__Task description__. In the copy, keep every word of the data below and none of its pictures.

__Data extract__.
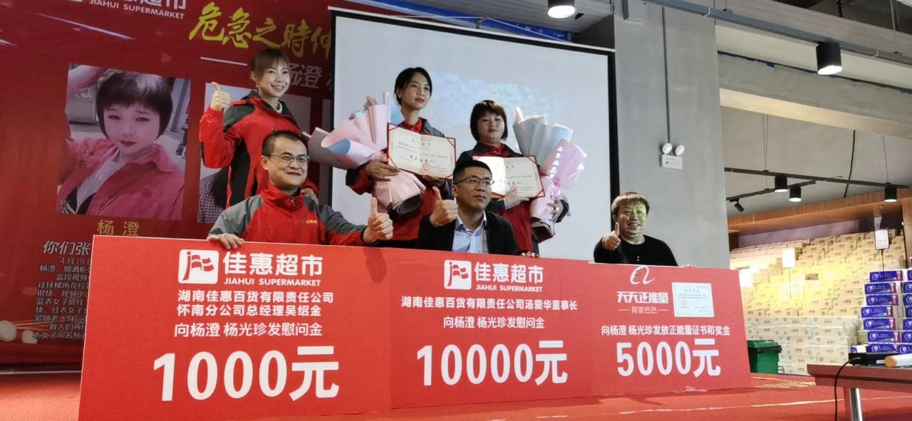 湖南佳惠董事长汤爱华对她们的勇敢行为给予了高度赞扬,随即给到两人10000元的正能量现金激励。她们用行动践行社会主义价值观,展现佳惠“顾客至上”的企业文化理念。
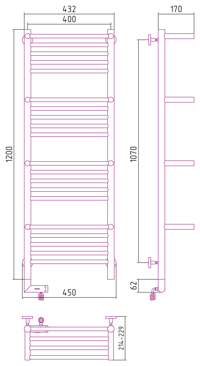Внешние габариты (высота х ширина х глубина)(мм) : 1262x450x214-229
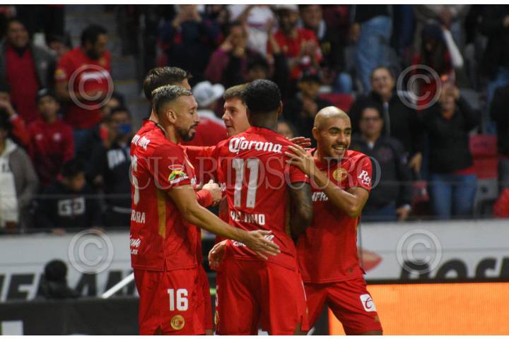 TOLUCA, ESTADO DE MÉXICO, 26JULIO2025.- Jugadores de los Diablos de Toluca festejan una de 3 anotaciones ante la escuadra de Tigres, quienes lograron la victoria en el partido correspondiente a la jornada 3 del Torneo Apertura 2025 de la Liga MX, con un marcador final 3-4. FOTO: CRISANTA ESPINOSA AGUILAR /CUARTOSCURO.COM
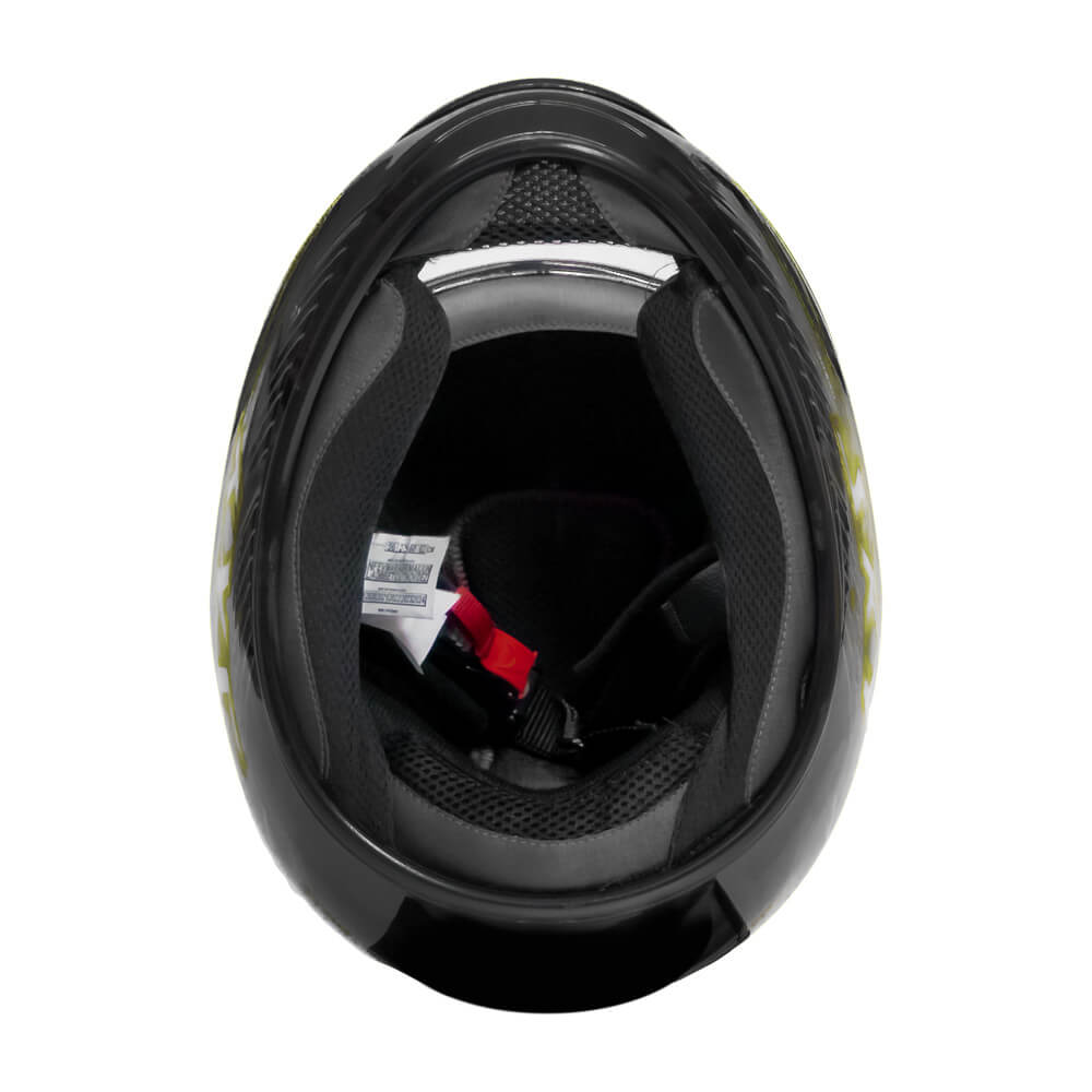 Descrição: CAPACETE SKY GAMMA PRETO BRILHO, TRANF VERDE/AMARELO

__Result below__.
 湖南佳惠董事长汤爱华对她们的勇敢行为给予了高度赞扬,随即给到两人10000元的正能量现金激励。她们用行动践行社会主义价值观,展现佳惠“顾客至上”的企业文化理念。
Внешние габариты (высота х ширина х глубина)(мм) : 1262x450x214-229
 TOLUCA, ESTADO DE MÉXICO, 26JULIO2025.- Jugadores de los Diablos de Toluca festejan una de 3 anotaciones ante la escuadra de Tigres, quienes lograron la victoria en el partido correspondiente a la jornada 3 del Torneo Apertura 2025 de la Liga MX, con un marcador final 3-4. FOTO: CRISANTA ESPINOSA AGUILAR /CUARTOSCURO.COM
 Descrição: CAPACETE SKY GAMMA PRETO BRILHO, TRANF VERDE/AMARELO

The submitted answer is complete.